III.             Augustine’s Soteriology: Issues of (original) sin, human responsibility, the will, and salvation.
Having been exposed in class to the discrepancy between original sin and ancestral sin, I read intently seeking to grasp how Augustine understood this concept. Beginning with his understanding of sin, Augustine had at one time:
“thought it is not we who sin, but some alien nature which sins in us. It flatters my pride to be free of blame and, when I had done something wrong, not to make myself confess to you that you might heal my soul, for it was sinning against you (Ps. 40:5). I like to excuse myself and to accuse some unidentifiable power which was with me and yet not I (p. 84).”
This was a common misconception that Augustine returned to address often. He seemed to express that sin was not an external faculty, but rather something which we are. He addresses this, among other places, concerning astrologers who:
 “make a man not in the least responsible for his faults, but mere flesh and blood and putrid pride, so that the blame lies with the Creator and orderer of the heaven and stars (p. 54).”
The claim in Augustine’s day (one which I personally needed to hear and be challenged on) was that that which humanity did was a result of either external factors or the way in which they were simply created to be. This is much the same idiom of today, as Lady Gaga proclaims in her song that we are “Born this way.” If I am born a certain way, than I cannot argue with God for who I now am, and am simply responding to the circumstances that have been placed before me. Therefore, can I be held accountable for that which I did not create in myself? For Augustine, this is not an option.
On the origin of this sin, Augustine, in narrative of departing from his mother deceitfully for Rome and arriving there ill says:
“… I was on the way to the underworld, bearing all the evils I had committed against you, against myself, and against others – sins both numerous and serious, in addition to the chain of original sin by which ‘in Adam we die’ (1 Cor. 15:22). You had not yet forgave me in Christ for any of them, nor had he by his cross delivered me from the hostile disposition towards you which I had contracted by my sins (82).”
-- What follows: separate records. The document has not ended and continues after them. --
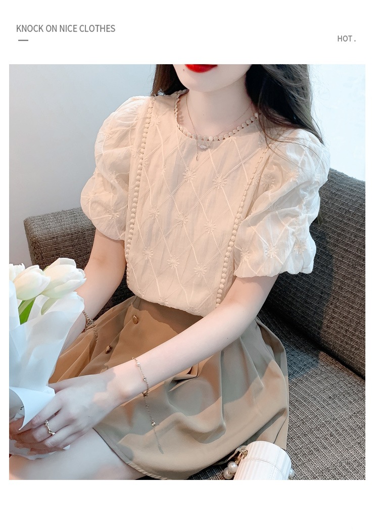 반팔 쉬폰 셔츠 여성 2025 년 여름 디자인 센스 니쉬 벨리 커버 느슨한 프렌치 퍼프 슬리브 자수 셔츠 탑스토어 가기
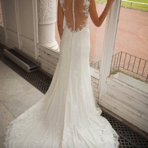 Kjolen er utrolig elegant med både inner glidelås og hekte bak knappene bak er til pynt så det ser ut som kjolen er kneppet når den er på.
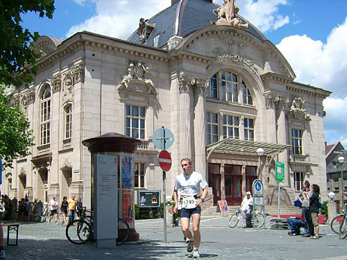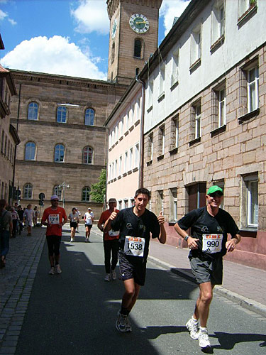 Nochmals durch eine Flussaue. Mittlerweile sehe ich Schilder des Halbmarathons und des 10-Kilometer-Rennes. Bei Kilometer 40 nähert sich unser Weg wieder der Altstadt. Auf den letzten Metern bietet die Strecke etwas fürs Auge. Wir laufen durch die Fußgängerzone zum Fürther Rathaus. Beim Anblick denkt man, man sei in Florenz vor dem Palazzo Vecchio. Zwischen 1840 und 1850 wurde das Rathaus nach Plänen von Georg Friedrich Christian Bürklein erbaut.
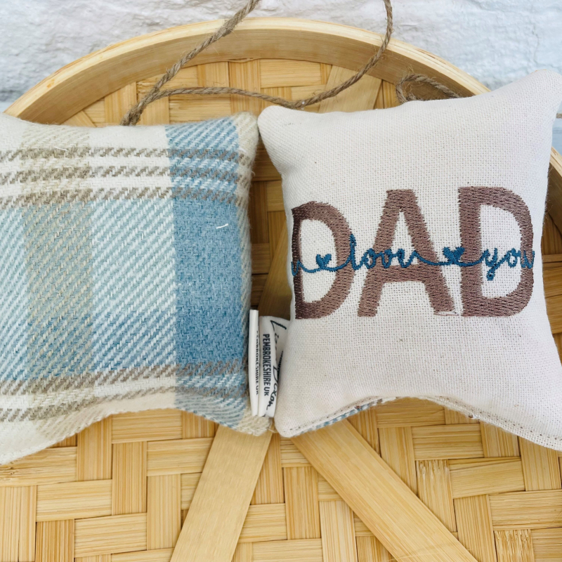 This cute Father's Day hanging decoration is super cute, with DAD I love you in welsh or English on a cream front with the wool fabric on the back.
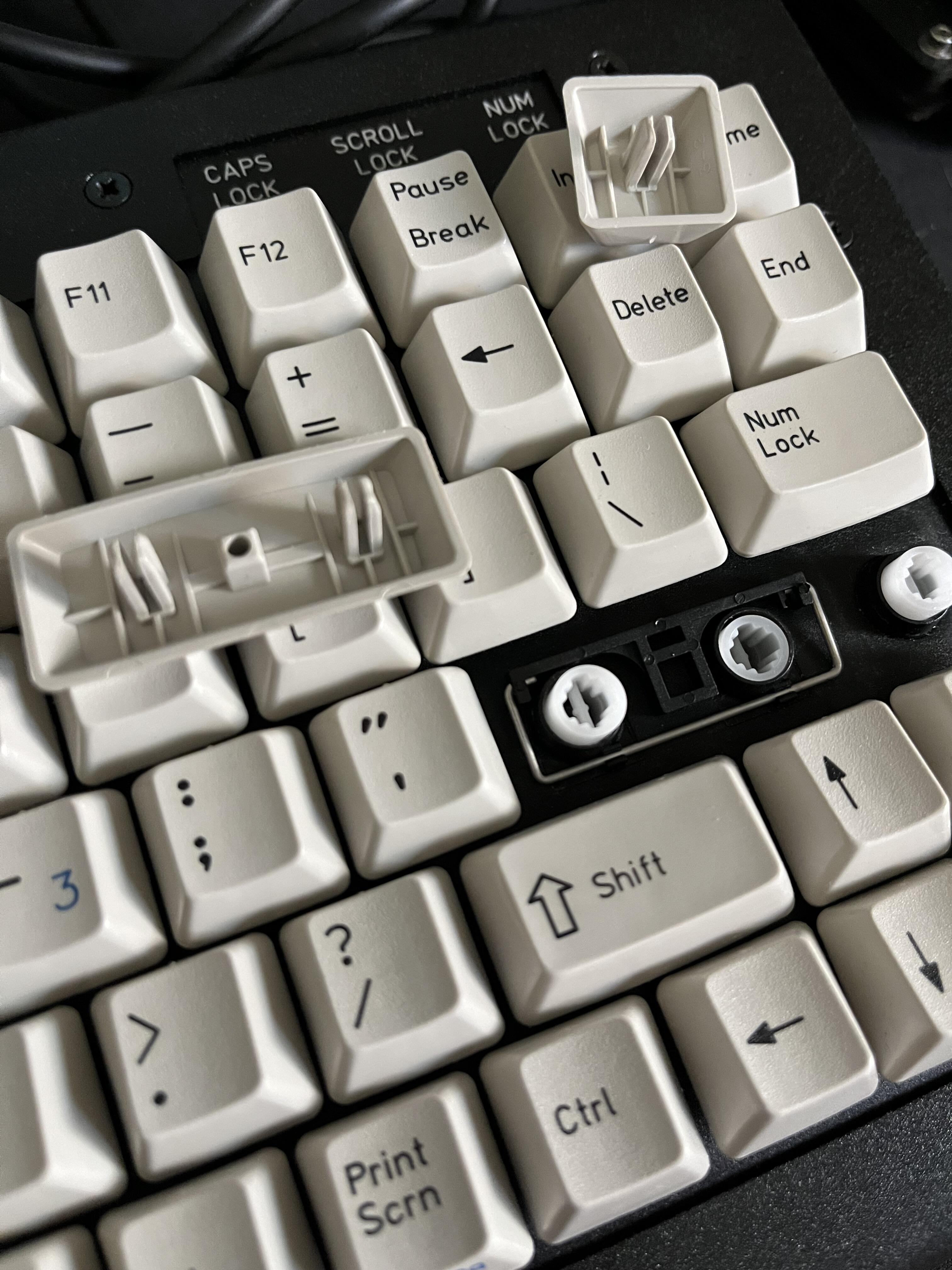 Typing experience is… odd. Bottom out is really mushy, and travel is just a touch less than I’m used to from Cherry and Buckling Spring, but it’s much firmer than your average rubber dome, and key weight is also heavier in a way that feels like a good thing. I think someone who didn’t bang on keys quite so heavily as me might like it. I’ll need to track down a Topre to compare, but I’m sus that many would find the Alphameric to be “better”.
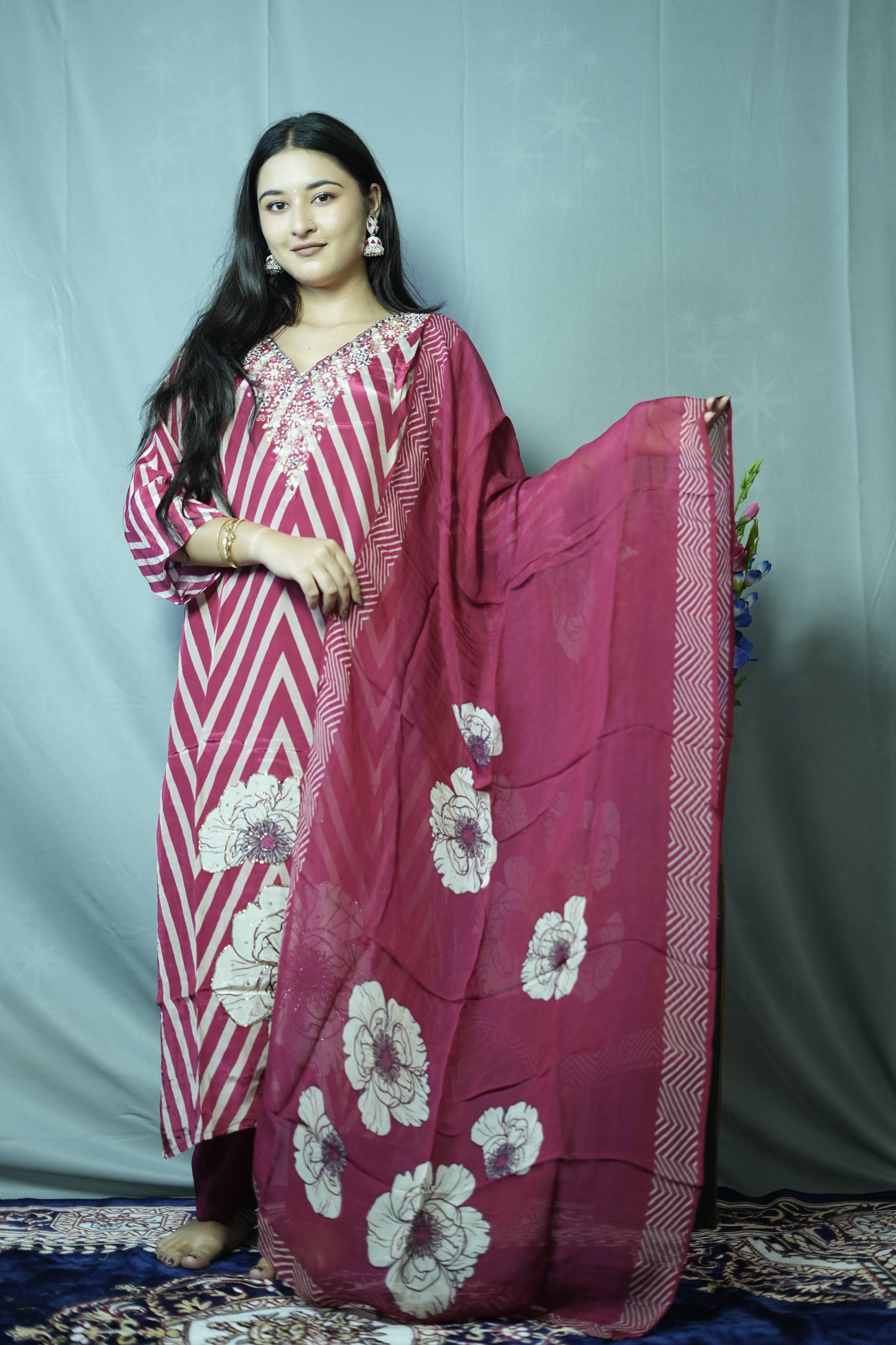 Pink Vatican Kurti Set wi...

This understanding of sin also corresponds with Augustine’s understanding of atonement, for Christ “endured our death and slew it by the abundance of his life (64),” he “’abolished the account of debts which was reckoned against us’ (Col. 2:14). He triumphed over the enemy who counts up our sins, and searches for grounds of accusation, but who found no fault in him in whom we are conquerors (John 14:30; Rom. 8:37). Who will restore to him his innocent blood? Who will restore to him the price which he paid to buy us, so as to take us out of our adversary’s hands (178)?”  He “made void the death of justified sinners,” and God, having loved us, “did not ‘spare your only Son but delivered him up for us sinners (219).”
A very important part of Augustine’s soteriology comes out in his narrative, in that in every aspect of Augustine’s life, it is God who has orchestrated the events in order to bring about the final outcome. This is seen in such events as Augustine’s choice to study the liberal arts or his choice to leave for Rome against his Mother’s wishes, the circumstances of which God used mightily. Every event that Augustine recalls has been orchestrated in some way by God:
“You applied the pricks which made me tear myself away from Carthage, and you put before me the attractions of Rome to draw me there, using people who love a life of death, committing insane actions in this world, promising vain rewards to the next. To correct my ‘steps’ (Ps. 36:23; Prov. 20:20) you secretly made use of their and my perversity. For those who disturbed my serenity were blinded with a disgraceful frenzy (81).”
And concerning what led to a meeting with Ambrose, the bishop who brought about Augustine’s salvation:
“I was led to him by you, unaware that through him, in full awareness, I might be led to you (87,88).”